Problem >> In the records that follow, find the line with "欣谊公司工作人员介绍,包括东"; from there, retype every line exactly through the line with "全国中学駅伝大会で全国優勝に輝いた、市貝中学校の特設駅伝部", which also belongs to the answer.

Available data >>
################

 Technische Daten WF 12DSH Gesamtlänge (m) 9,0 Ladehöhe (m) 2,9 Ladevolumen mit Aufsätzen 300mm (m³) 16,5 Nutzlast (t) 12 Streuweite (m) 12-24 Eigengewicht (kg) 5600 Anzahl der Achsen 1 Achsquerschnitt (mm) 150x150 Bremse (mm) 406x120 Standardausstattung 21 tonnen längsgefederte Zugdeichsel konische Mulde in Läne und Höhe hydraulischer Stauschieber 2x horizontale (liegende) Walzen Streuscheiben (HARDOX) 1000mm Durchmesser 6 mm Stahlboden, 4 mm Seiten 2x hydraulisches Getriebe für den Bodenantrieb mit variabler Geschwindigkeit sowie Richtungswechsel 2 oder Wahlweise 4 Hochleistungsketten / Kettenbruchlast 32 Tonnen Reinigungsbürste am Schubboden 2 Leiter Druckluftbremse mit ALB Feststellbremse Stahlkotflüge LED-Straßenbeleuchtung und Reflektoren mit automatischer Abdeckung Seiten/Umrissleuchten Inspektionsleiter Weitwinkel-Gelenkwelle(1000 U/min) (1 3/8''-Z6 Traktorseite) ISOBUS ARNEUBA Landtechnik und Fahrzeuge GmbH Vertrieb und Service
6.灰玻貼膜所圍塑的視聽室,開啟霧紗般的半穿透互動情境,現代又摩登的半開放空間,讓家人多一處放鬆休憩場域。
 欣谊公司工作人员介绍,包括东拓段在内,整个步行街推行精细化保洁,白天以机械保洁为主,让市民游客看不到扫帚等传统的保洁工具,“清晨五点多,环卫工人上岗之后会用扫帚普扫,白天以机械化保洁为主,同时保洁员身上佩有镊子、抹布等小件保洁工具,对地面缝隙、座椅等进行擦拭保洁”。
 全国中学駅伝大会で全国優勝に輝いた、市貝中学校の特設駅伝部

################

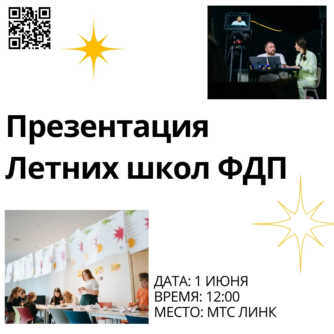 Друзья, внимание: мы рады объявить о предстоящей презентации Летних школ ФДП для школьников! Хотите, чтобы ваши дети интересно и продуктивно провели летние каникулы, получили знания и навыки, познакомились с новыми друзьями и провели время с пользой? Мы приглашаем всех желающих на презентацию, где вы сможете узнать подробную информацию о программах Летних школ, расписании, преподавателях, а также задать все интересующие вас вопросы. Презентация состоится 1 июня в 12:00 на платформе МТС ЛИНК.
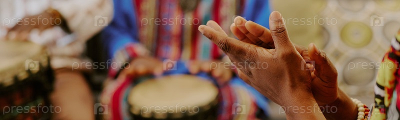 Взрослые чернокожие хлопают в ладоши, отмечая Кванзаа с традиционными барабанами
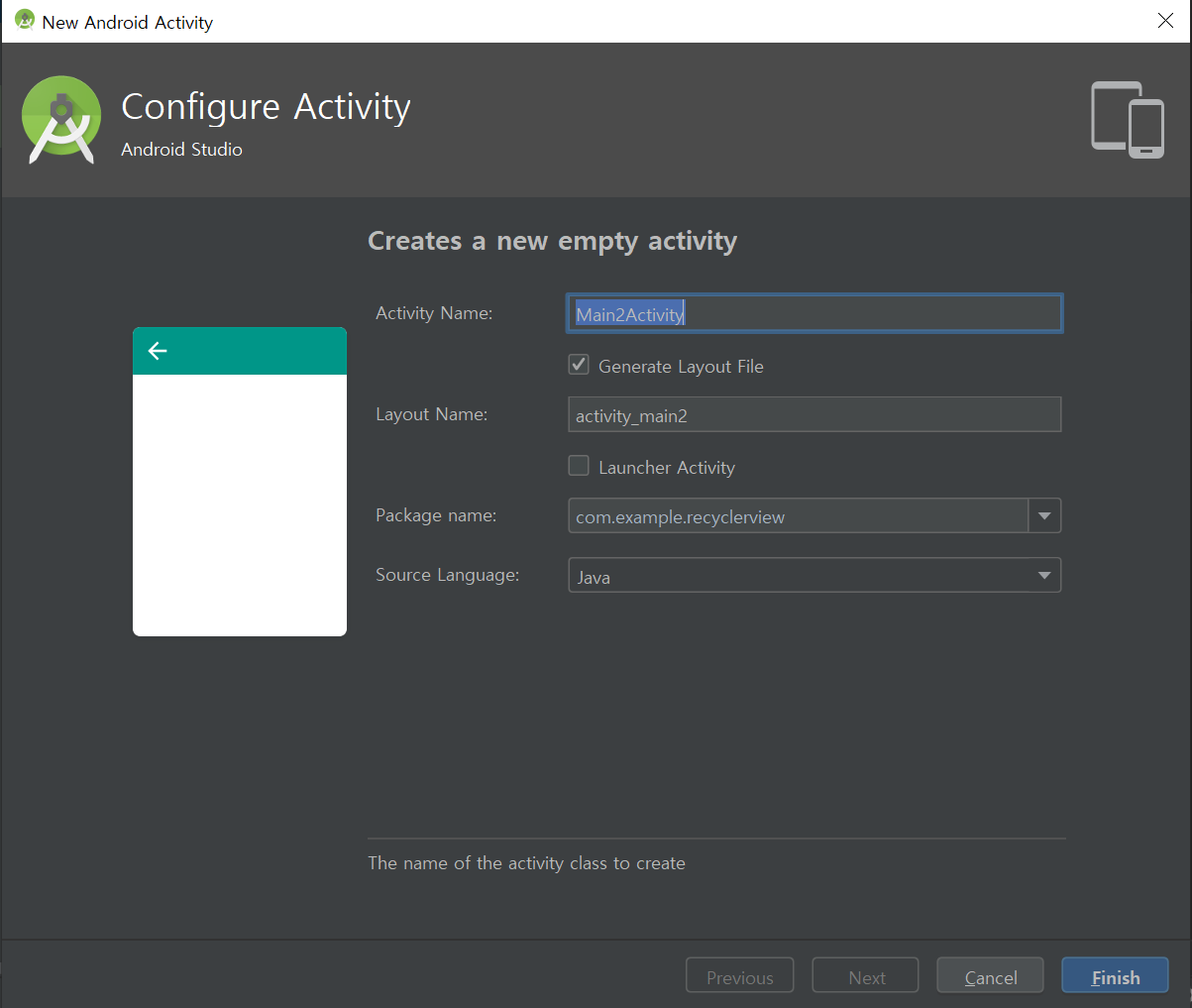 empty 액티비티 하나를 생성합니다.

################

Task output >>
 欣谊公司工作人员介绍,包括东拓段在内,整个步行街推行精细化保洁,白天以机械保洁为主,让市民游客看不到扫帚等传统的保洁工具,“清晨五点多,环卫工人上岗之后会用扫帚普扫,白天以机械化保洁为主,同时保洁员身上佩有镊子、抹布等小件保洁工具,对地面缝隙、座椅等进行擦拭保洁”。
 全国中学駅伝大会で全国優勝に輝いた、市貝中学校の特設駅伝部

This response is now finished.